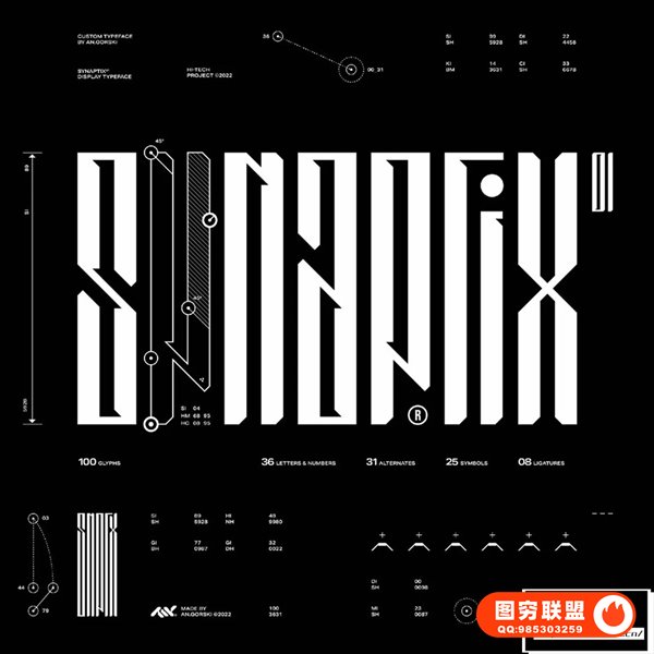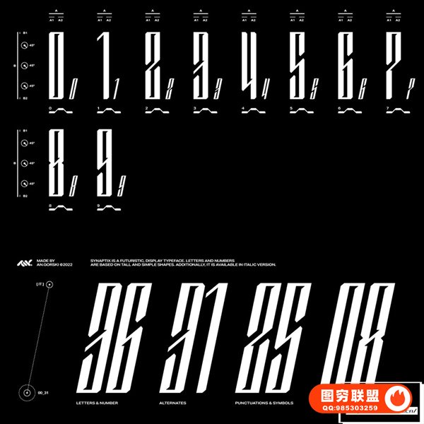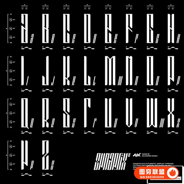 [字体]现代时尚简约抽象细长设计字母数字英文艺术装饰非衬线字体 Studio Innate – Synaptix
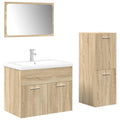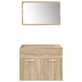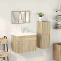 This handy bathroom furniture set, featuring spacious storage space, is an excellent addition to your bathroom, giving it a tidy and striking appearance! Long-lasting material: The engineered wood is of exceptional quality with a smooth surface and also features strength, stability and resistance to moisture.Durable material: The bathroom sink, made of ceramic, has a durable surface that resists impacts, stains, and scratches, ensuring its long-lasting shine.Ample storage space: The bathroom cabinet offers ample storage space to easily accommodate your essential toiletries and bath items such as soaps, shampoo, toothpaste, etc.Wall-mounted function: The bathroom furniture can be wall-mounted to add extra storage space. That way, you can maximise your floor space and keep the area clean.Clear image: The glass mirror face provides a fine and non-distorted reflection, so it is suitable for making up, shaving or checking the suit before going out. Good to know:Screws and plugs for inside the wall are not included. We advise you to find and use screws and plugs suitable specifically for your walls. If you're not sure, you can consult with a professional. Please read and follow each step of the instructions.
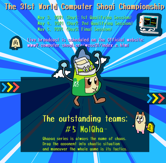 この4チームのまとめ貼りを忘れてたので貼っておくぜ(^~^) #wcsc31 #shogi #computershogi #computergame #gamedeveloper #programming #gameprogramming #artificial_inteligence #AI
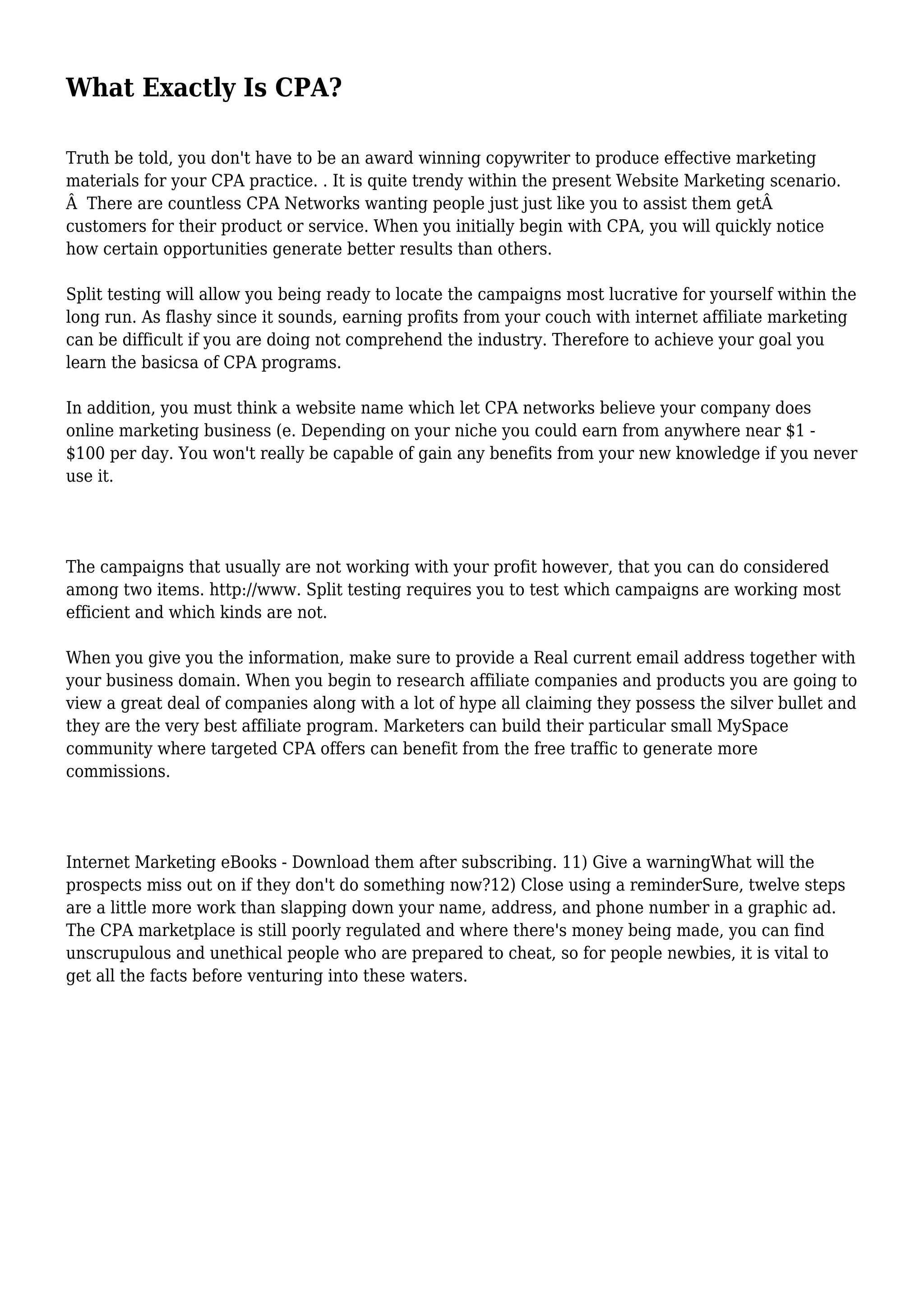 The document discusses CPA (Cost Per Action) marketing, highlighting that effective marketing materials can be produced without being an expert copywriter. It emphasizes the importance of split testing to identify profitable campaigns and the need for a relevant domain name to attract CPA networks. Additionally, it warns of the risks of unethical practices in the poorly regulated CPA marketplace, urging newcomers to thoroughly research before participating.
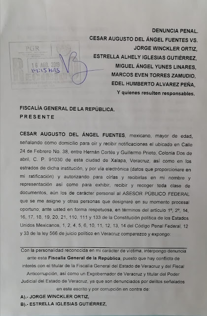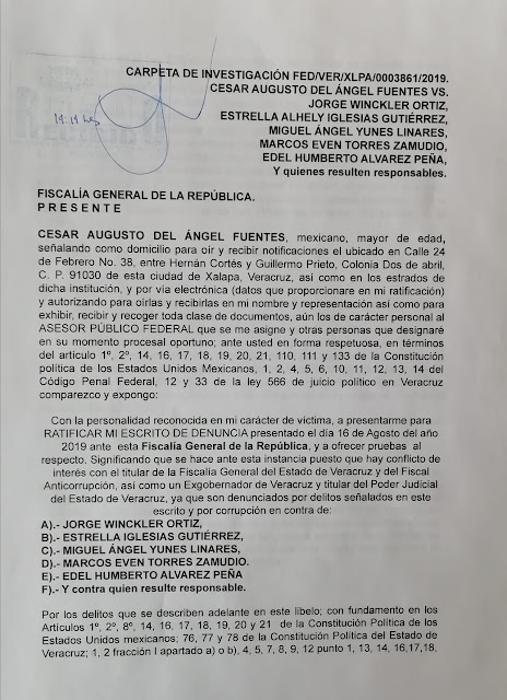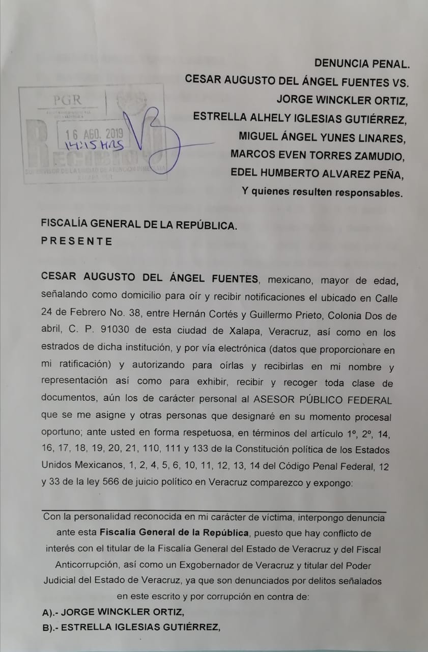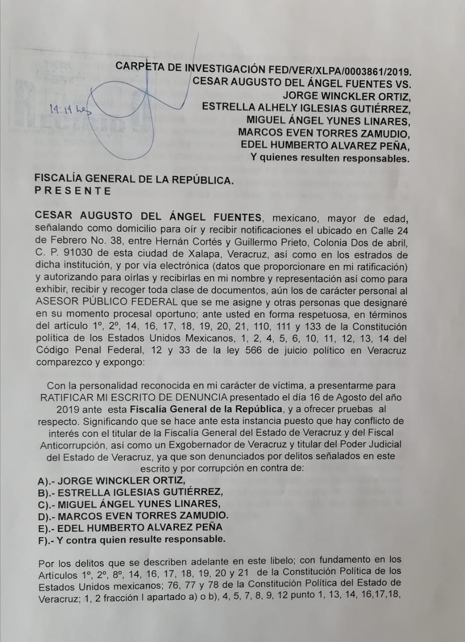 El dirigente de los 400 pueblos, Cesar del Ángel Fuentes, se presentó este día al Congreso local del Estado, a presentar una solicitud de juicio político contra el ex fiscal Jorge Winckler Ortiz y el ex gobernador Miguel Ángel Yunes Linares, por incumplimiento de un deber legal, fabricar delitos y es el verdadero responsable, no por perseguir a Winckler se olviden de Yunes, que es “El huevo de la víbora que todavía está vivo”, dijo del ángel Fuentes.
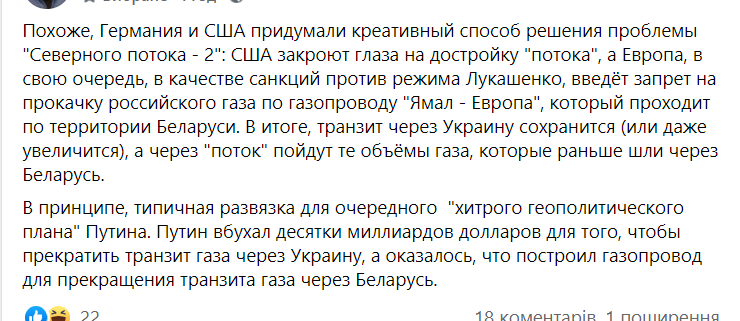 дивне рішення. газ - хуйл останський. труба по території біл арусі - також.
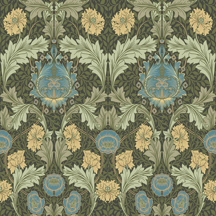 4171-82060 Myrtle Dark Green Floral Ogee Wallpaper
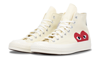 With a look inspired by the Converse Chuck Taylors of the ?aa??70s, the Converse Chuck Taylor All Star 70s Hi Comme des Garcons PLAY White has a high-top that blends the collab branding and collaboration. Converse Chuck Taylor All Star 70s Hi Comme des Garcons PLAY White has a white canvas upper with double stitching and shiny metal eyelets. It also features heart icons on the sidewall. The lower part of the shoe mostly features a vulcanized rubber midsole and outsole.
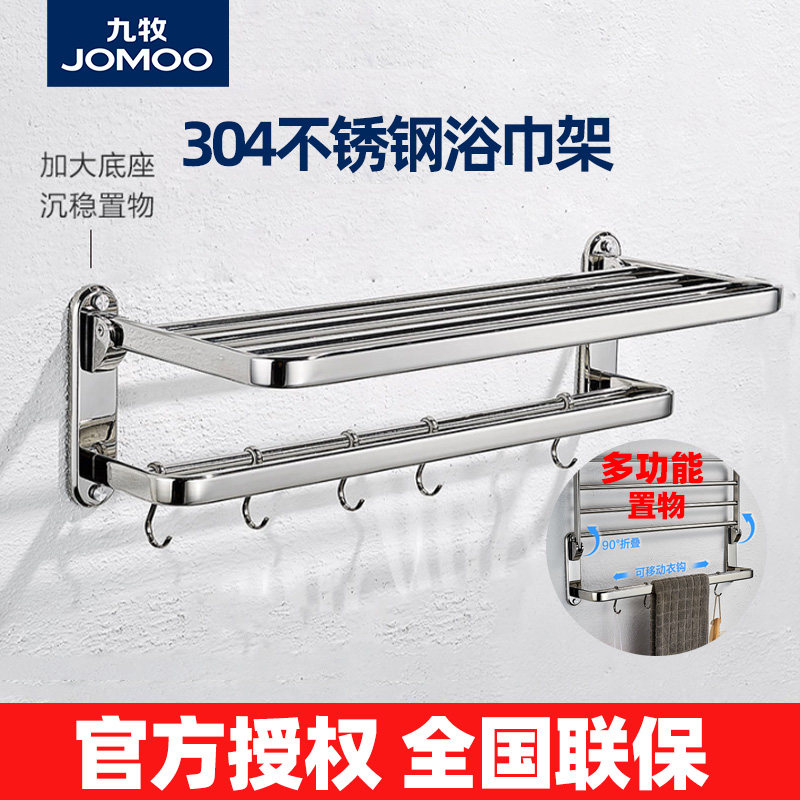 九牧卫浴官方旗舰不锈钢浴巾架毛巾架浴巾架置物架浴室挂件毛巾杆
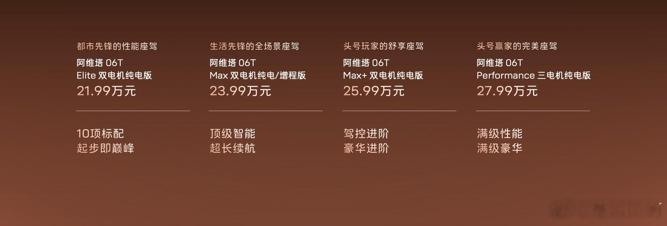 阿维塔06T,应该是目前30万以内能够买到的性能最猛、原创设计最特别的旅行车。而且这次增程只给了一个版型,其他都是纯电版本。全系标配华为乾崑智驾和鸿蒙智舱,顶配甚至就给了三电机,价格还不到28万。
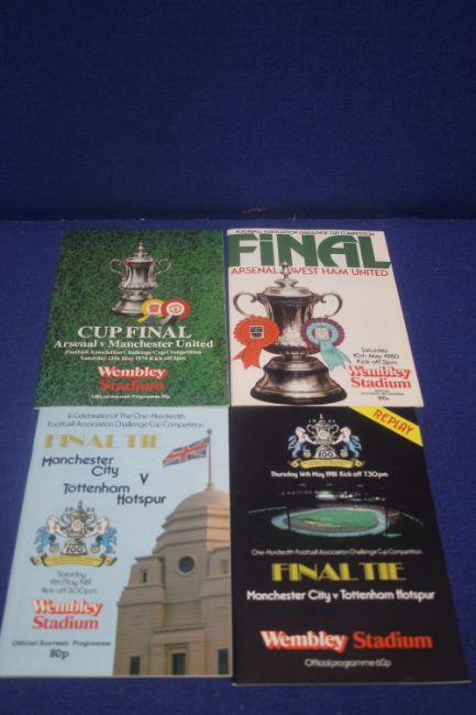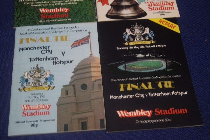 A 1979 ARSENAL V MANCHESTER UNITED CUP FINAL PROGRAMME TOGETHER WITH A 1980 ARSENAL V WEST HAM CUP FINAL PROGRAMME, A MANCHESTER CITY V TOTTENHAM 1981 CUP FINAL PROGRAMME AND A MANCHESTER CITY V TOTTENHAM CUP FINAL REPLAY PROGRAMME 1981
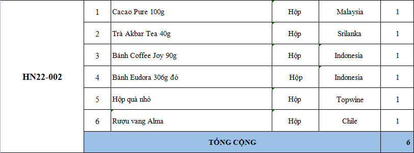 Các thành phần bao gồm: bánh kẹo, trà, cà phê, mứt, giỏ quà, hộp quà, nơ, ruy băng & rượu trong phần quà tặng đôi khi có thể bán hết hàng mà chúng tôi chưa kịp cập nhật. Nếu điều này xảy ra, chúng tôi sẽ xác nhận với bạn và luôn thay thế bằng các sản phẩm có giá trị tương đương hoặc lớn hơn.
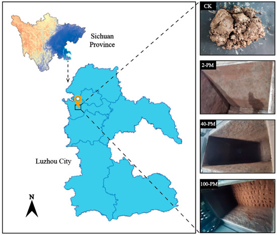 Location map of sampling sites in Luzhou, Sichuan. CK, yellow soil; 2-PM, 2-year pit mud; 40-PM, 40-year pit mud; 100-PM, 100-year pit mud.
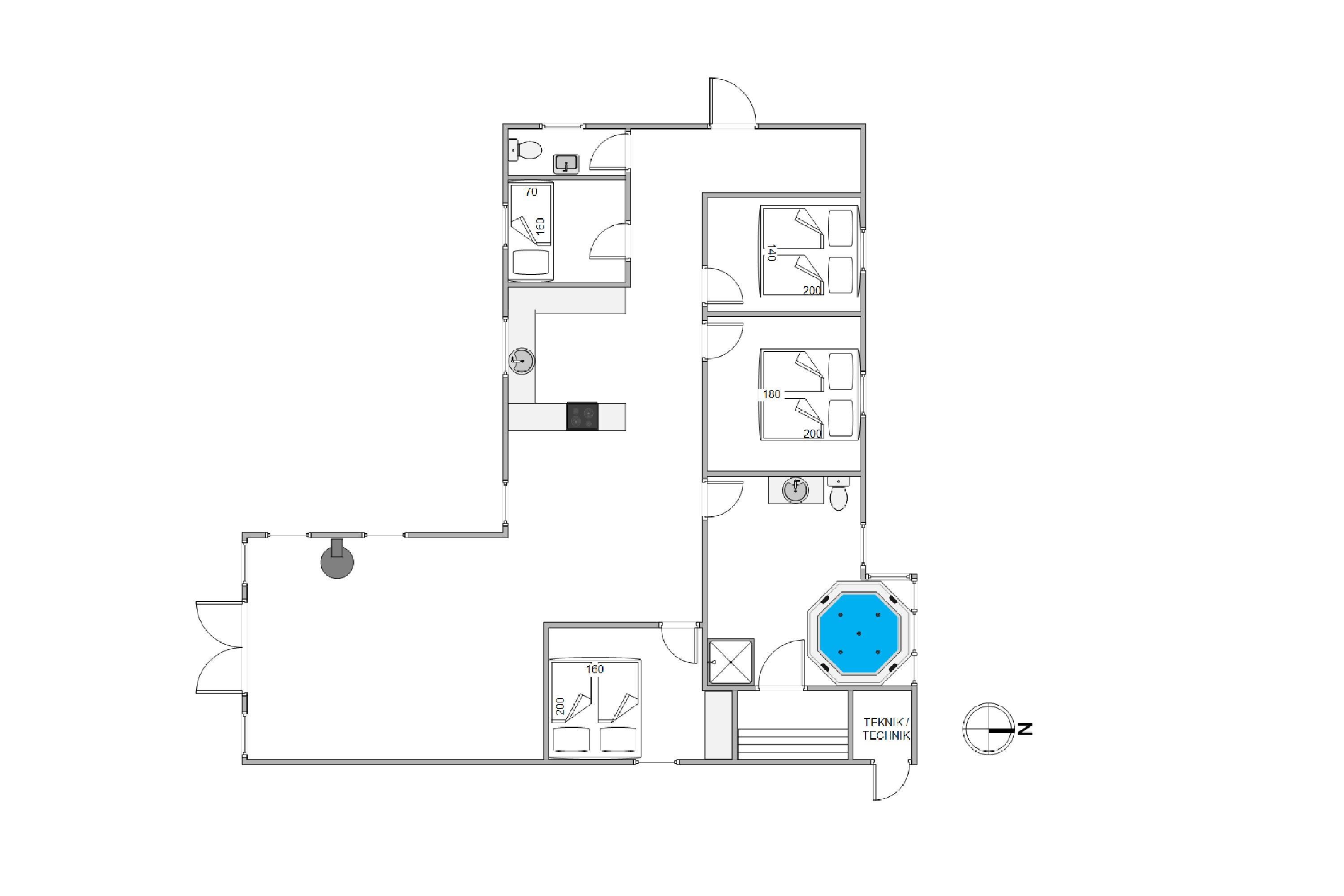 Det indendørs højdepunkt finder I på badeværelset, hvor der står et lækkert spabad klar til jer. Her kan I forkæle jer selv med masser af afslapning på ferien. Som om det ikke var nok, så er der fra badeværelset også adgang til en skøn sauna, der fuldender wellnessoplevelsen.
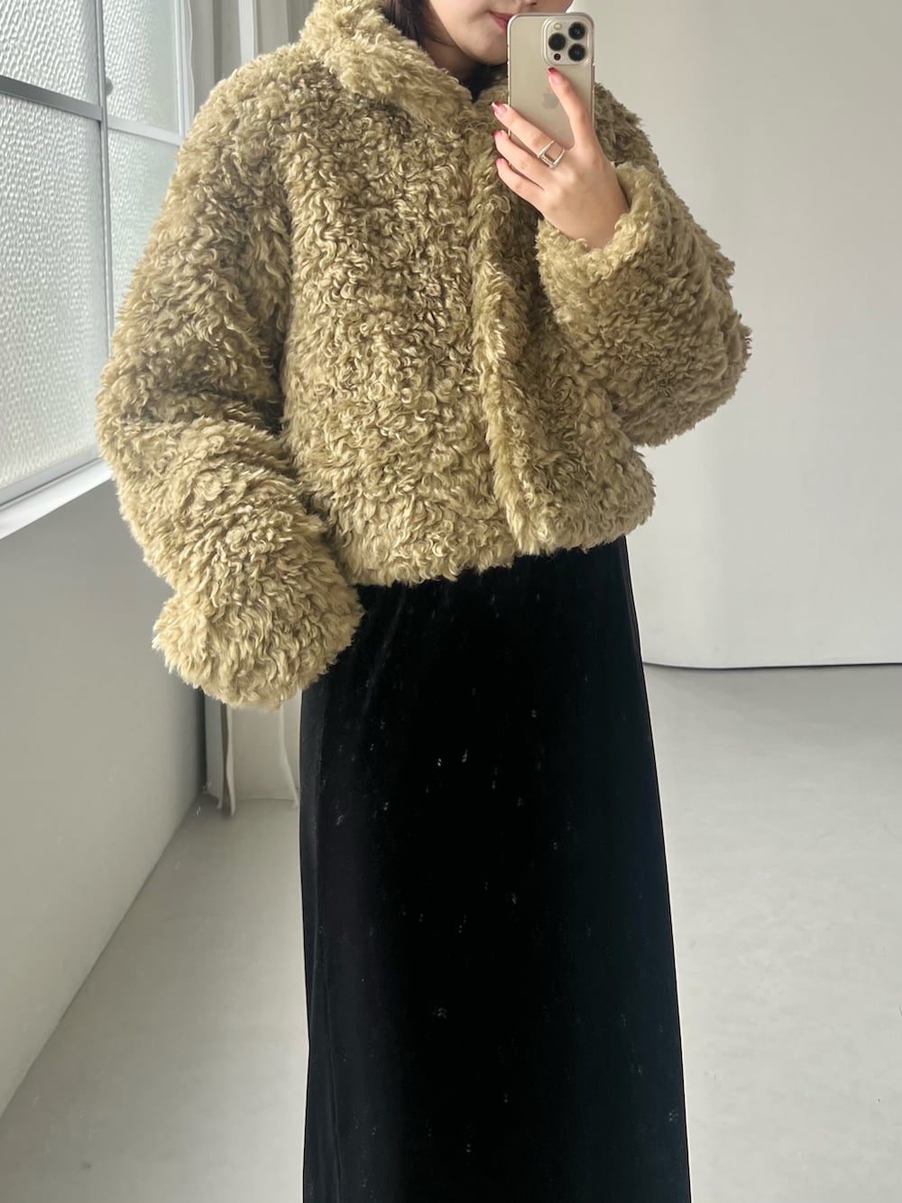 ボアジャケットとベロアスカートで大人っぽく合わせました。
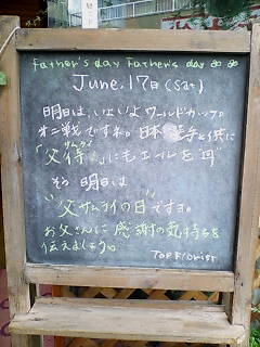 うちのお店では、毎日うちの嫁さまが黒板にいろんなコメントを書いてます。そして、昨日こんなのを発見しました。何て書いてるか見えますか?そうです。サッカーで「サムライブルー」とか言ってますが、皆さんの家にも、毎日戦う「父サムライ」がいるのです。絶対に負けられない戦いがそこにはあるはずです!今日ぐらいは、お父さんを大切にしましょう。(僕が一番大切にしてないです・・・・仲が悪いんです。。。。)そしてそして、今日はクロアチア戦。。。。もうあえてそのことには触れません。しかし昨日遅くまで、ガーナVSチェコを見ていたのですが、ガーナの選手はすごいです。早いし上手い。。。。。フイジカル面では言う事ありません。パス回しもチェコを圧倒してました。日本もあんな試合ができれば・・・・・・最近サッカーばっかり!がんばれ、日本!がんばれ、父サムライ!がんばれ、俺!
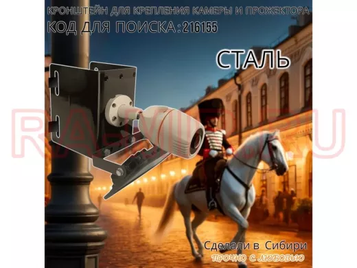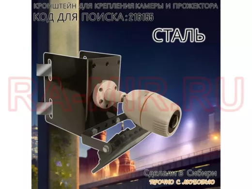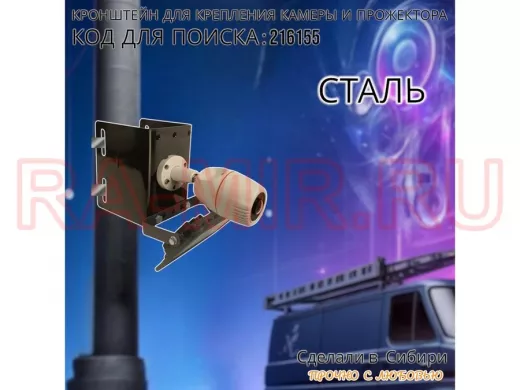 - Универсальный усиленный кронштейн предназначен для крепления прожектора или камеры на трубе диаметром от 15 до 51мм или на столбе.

================================

**TASK**
Here the job is to copy the stretch of records from the line containing "A 1979 ARSENAL" through the line containing "Các thành phần", word for word. Leave every picture out.

**FINAL ANSWER**
 A 1979 ARSENAL V MANCHESTER UNITED CUP FINAL PROGRAMME TOGETHER WITH A 1980 ARSENAL V WEST HAM CUP FINAL PROGRAMME, A MANCHESTER CITY V TOTTENHAM 1981 CUP FINAL PROGRAMME AND A MANCHESTER CITY V TOTTENHAM CUP FINAL REPLAY PROGRAMME 1981
 Các thành phần bao gồm: bánh kẹo, trà, cà phê, mứt, giỏ quà, hộp quà, nơ, ruy băng & rượu trong phần quà tặng đôi khi có thể bán hết hàng mà chúng tôi chưa kịp cập nhật. Nếu điều này xảy ra, chúng tôi sẽ xác nhận với bạn và luôn thay thế bằng các sản phẩm có giá trị tương đương hoặc lớn hơn.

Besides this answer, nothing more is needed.